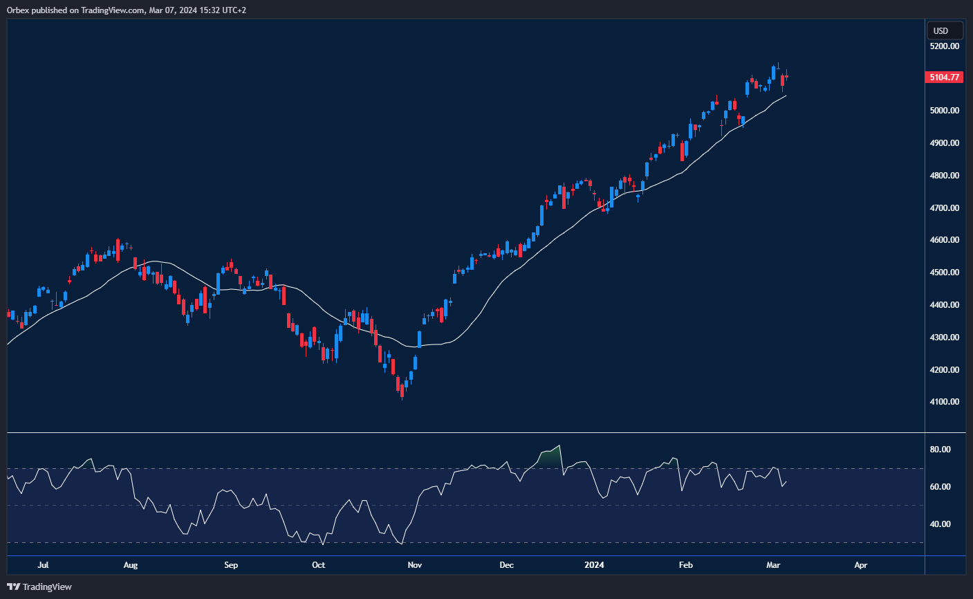 The S&P 500 took a breather from setting another record high as earnings season winds down. With Goldman Sachs and Bank of America raising their forecasts for 2024 for the index, the likelihood is that price action will push higher again. However, mixed nonfarm payroll numbers could pause sentiment, representing a significant downside risk for equities. The index steadily remained at around 5100, with a limit of 5350 in the near term.
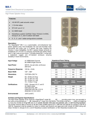 Datasheet for the Ultra Electronics MA-1. Document No: 90105A-SS-MA1, Rev: A. 4 models including MA-1, 90105A, 90223A and 1 additional variants. Detailed technical specifications, electrical ratings, and agency listings.
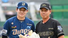 [사진] KBO 40주년 레전드 전준호 코치, 박민우와 기념촬영
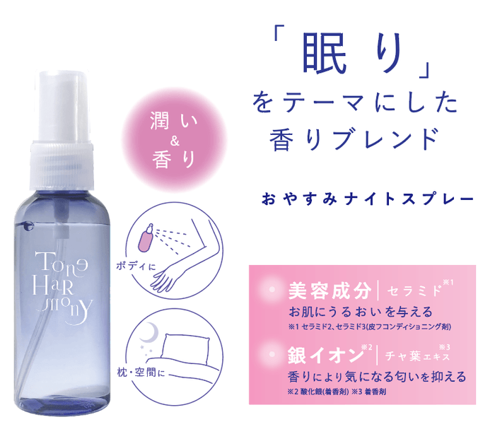 トーンハーモニーは、ピローアロマである「STトーンハーモニー おやすみナイトスプレー」や、睡眠前のリラックスやストレッチに使える「STトーンハーモニー おやすみナイトツボテープ」という快適な就寝環境をサポートするグッズを販売いたします。優しい香りに癒やされたり、軽く体を動かすことで穏やかな入眠をサポートします。
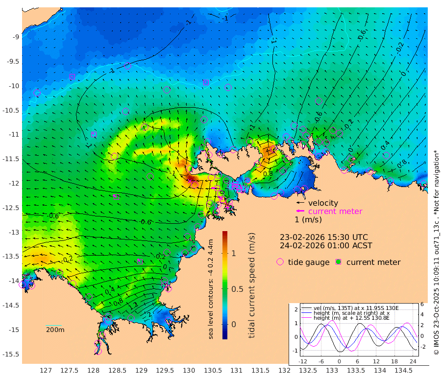 26cm/s -104T +4cm/s rms + 6cm/s 51T. Darwin_C1 52m 20cm/s -84T +4cm/s rms + 7cm/s -161T. Darwin_CW1 22m 28cm/s -104T +4cm/s rms + 8cm/s 61T. Darwin_CW2 34m 15cm/s 31T +3cm/s rms + 9cm/s 98T. Darwin_CW3 22m 18cm/s -101T +5cm/s rms + 7cm/s 88T. Darwin_C3 56m 18cm/s -115T +2cm/s rms + 9cm/s -126T. Darwin_CTbW 22m 13cm/s -37T +9cm/s rms + 2cm/s -110T. NWSLYN 196m 73cm/s -86T +1cm/s rms + 1cm/s -47T. DARBGF 30m 11cm/s -106T +7cm/s rms + 2cm/s -137T. ITFTIS 464m 23cm/s -33T +9cm/s rms + 1cm/s 74T. ITFMHB 146m 43cm/s -34T +4cm/s rms + 1cm/s -134T. ITFJBG 61m 51cm/s -54T +6cm/s rms + 4cm/s 121T. ITFFTB 108m 80cm/s -55T +4cm/s rms + 3cm/s 80T. NRSDAR 19m 12cm Carronade Island 10cm Guy Point 17cm Napier Broome Bay 9cm Lesueur Island 42cm Reveley Island 24cm Rocky Island 97cm Cape Domett 81cm Lacrosse Island 156cm Adolphus Island 227cm Pender Point 267cm Wyndham -95cm The Boxers -85cm Unnamed Shoal -105cm Loxton Shoal 83cm Pelican Island -117cm Calder Shoal -109cm Evans Shoal 226cm Quoin Island 8cm Port Keats 19cm Jones Point 267cm Catfish Island -60cm Cape Scott Offshore -190cm Cape Ford -68cm Anson Bay -112cm Goodrich Bank -82cm Peron Island North -92cm Point Jenny -94cm Native Point -90cm Fish Reef -83cm Tapa Bay -134cm Point Fawcett (Offshore) -69cm Burge Point -98cm Munkunuwa -105cm Beagle A -58cm Parsons Bank -68cm Fenton Patches -92cm Lynedoch Bank -39cm Hancox Shoal Area -51cm Nightcliff -49cm Darwin -82cm Charles Point Patches 25cm Glyde Point 116cm Chambers Bay 143cm Point Stuart 54cm Cape Hotham 102cm Christine Reef 168cm West Alligator Head 209cm East Field Island 79cm Two Hills Bay -102cm Newby Shoal 71cm Camp Point -88cm Medina Inlet South -132cm South Barlow Point -135cm St. Asaph Bay -118cm Cape Van Dieman -113cm Snake Bay -108cm Cache Point -91cm Echo Shoal -83cm Point Jahleel (Off) -36cm Cape Don -77cm Port Essington -79cm Smith Point - West -70cm NW Peacock Island -87cm North Of Jones Shoal -28cm Peacock Island -30cm Point David -71cm D'urville Point -60cm Money Shoal -23cm Copeland Island -34cm Cape Cockburn -38cm One Tree Point -22cm Hogmany Shoal -28cm New Year Island - West -25cm Grant Island 9cm Aurari Bay 35cm Cuthbert Point -2cm North Goulburn Island 56cm Paxie Shoal 86cm Entrance Island 134cm Yabooma Island
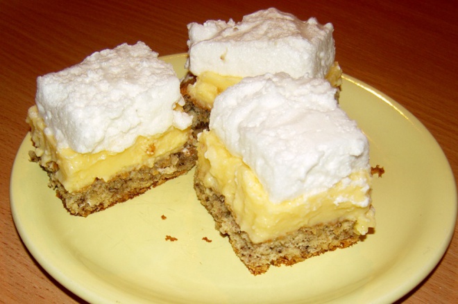 A tojásokat kettéválasztjuk és a fehérjéből kemény habot verünk. A sárgáját kikavarjuk a cukorral, hozzáadjuk a többi száraz alapanyagot is és jól összedolgozzuk. Ha a tészta állaga már megfelelő, akkor beledolgozzuk a tojáshabot és kivajazott tepsibe kanalazzuk, majd 180 fokon sütjük 40 percen át.
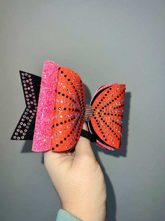 The below items are just a few examples of what I am able to do when it comes to custom bows. Please know that ALL colors, rhinestones, writing, etc. can be changed to how you'd like! Your options aren't limited to the below, I'll happily create you a brand new style based off of your requests :)
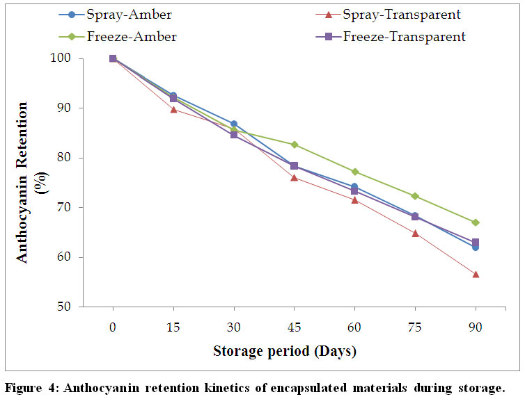 Idham et al.,30 reported similar results for spray dried red color powder from Roselle calyces. The results indicate that the half-life followed a first-order kinetics and if encapsulation is carried out using spray drying and stored in amber colorairtight vials, anthocyanins can be effectively retained for 130 days whereas if the same is prepared using freeze-drying and stored in airtight amber containers the shelf life of the anthocyanin can be extended upto 155 days. Similar trends of anthocyanin degradation kinetic were reported by Wang et al.,31 for blackberry juice and concentrate during storage at 37ºC, respectively.

> [The task] Using the material above, return every line exactly as it appears, minus the pictures.

> [Response to the exercise]
 The S&P 500 took a breather from setting another record high as earnings season winds down. With Goldman Sachs and Bank of America raising their forecasts for 2024 for the index, the likelihood is that price action will push higher again. However, mixed nonfarm payroll numbers could pause sentiment, representing a significant downside risk for equities. The index steadily remained at around 5100, with a limit of 5350 in the near term.
 Datasheet for the Ultra Electronics MA-1. Document No: 90105A-SS-MA1, Rev: A. 4 models including MA-1, 90105A, 90223A and 1 additional variants. Detailed technical specifications, electrical ratings, and agency listings.
 [사진] KBO 40주년 레전드 전준호 코치, 박민우와 기념촬영
 トーンハーモニーは、ピローアロマである「STトーンハーモニー おやすみナイトスプレー」や、睡眠前のリラックスやストレッチに使える「STトーンハーモニー おやすみナイトツボテープ」という快適な就寝環境をサポートするグッズを販売いたします。優しい香りに癒やされたり、軽く体を動かすことで穏やかな入眠をサポートします。
 26cm/s -104T +4cm/s rms + 6cm/s 51T. Darwin_C1 52m 20cm/s -84T +4cm/s rms + 7cm/s -161T. Darwin_CW1 22m 28cm/s -104T +4cm/s rms + 8cm/s 61T. Darwin_CW2 34m 15cm/s 31T +3cm/s rms + 9cm/s 98T. Darwin_CW3 22m 18cm/s -101T +5cm/s rms + 7cm/s 88T. Darwin_C3 56m 18cm/s -115T +2cm/s rms + 9cm/s -126T. Darwin_CTbW 22m 13cm/s -37T +9cm/s rms + 2cm/s -110T. NWSLYN 196m 73cm/s -86T +1cm/s rms + 1cm/s -47T. DARBGF 30m 11cm/s -106T +7cm/s rms + 2cm/s -137T. ITFTIS 464m 23cm/s -33T +9cm/s rms + 1cm/s 74T. ITFMHB 146m 43cm/s -34T +4cm/s rms + 1cm/s -134T. ITFJBG 61m 51cm/s -54T +6cm/s rms + 4cm/s 121T. ITFFTB 108m 80cm/s -55T +4cm/s rms + 3cm/s 80T. NRSDAR 19m 12cm Carronade Island 10cm Guy Point 17cm Napier Broome Bay 9cm Lesueur Island 42cm Reveley Island 24cm Rocky Island 97cm Cape Domett 81cm Lacrosse Island 156cm Adolphus Island 227cm Pender Point 267cm Wyndham -95cm The Boxers -85cm Unnamed Shoal -105cm Loxton Shoal 83cm Pelican Island -117cm Calder Shoal -109cm Evans Shoal 226cm Quoin Island 8cm Port Keats 19cm Jones Point 267cm Catfish Island -60cm Cape Scott Offshore -190cm Cape Ford -68cm Anson Bay -112cm Goodrich Bank -82cm Peron Island North -92cm Point Jenny -94cm Native Point -90cm Fish Reef -83cm Tapa Bay -134cm Point Fawcett (Offshore) -69cm Burge Point -98cm Munkunuwa -105cm Beagle A -58cm Parsons Bank -68cm Fenton Patches -92cm Lynedoch Bank -39cm Hancox Shoal Area -51cm Nightcliff -49cm Darwin -82cm Charles Point Patches 25cm Glyde Point 116cm Chambers Bay 143cm Point Stuart 54cm Cape Hotham 102cm Christine Reef 168cm West Alligator Head 209cm East Field Island 79cm Two Hills Bay -102cm Newby Shoal 71cm Camp Point -88cm Medina Inlet South -132cm South Barlow Point -135cm St. Asaph Bay -118cm Cape Van Dieman -113cm Snake Bay -108cm Cache Point -91cm Echo Shoal -83cm Point Jahleel (Off) -36cm Cape Don -77cm Port Essington -79cm Smith Point - West -70cm NW Peacock Island -87cm North Of Jones Shoal -28cm Peacock Island -30cm Point David -71cm D'urville Point -60cm Money Shoal -23cm Copeland Island -34cm Cape Cockburn -38cm One Tree Point -22cm Hogmany Shoal -28cm New Year Island - West -25cm Grant Island 9cm Aurari Bay 35cm Cuthbert Point -2cm North Goulburn Island 56cm Paxie Shoal 86cm Entrance Island 134cm Yabooma Island
 A tojásokat kettéválasztjuk és a fehérjéből kemény habot verünk. A sárgáját kikavarjuk a cukorral, hozzáadjuk a többi száraz alapanyagot is és jól összedolgozzuk. Ha a tészta állaga már megfelelő, akkor beledolgozzuk a tojáshabot és kivajazott tepsibe kanalazzuk, majd 180 fokon sütjük 40 percen át.
 The below items are just a few examples of what I am able to do when it comes to custom bows. Please know that ALL colors, rhinestones, writing, etc. can be changed to how you'd like! Your options aren't limited to the below, I'll happily create you a brand new style based off of your requests :)
 Idham et al.,30 reported similar results for spray dried red color powder from Roselle calyces. The results indicate that the half-life followed a first-order kinetics and if encapsulation is carried out using spray drying and stored in amber colorairtight vials, anthocyanins can be effectively retained for 130 days whereas if the same is prepared using freeze-drying and stored in airtight amber containers the shelf life of the anthocyanin can be extended upto 155 days. Similar trends of anthocyanin degradation kinetic were reported by Wang et al.,31 for blackberry juice and concentrate during storage at 37ºC, respectively.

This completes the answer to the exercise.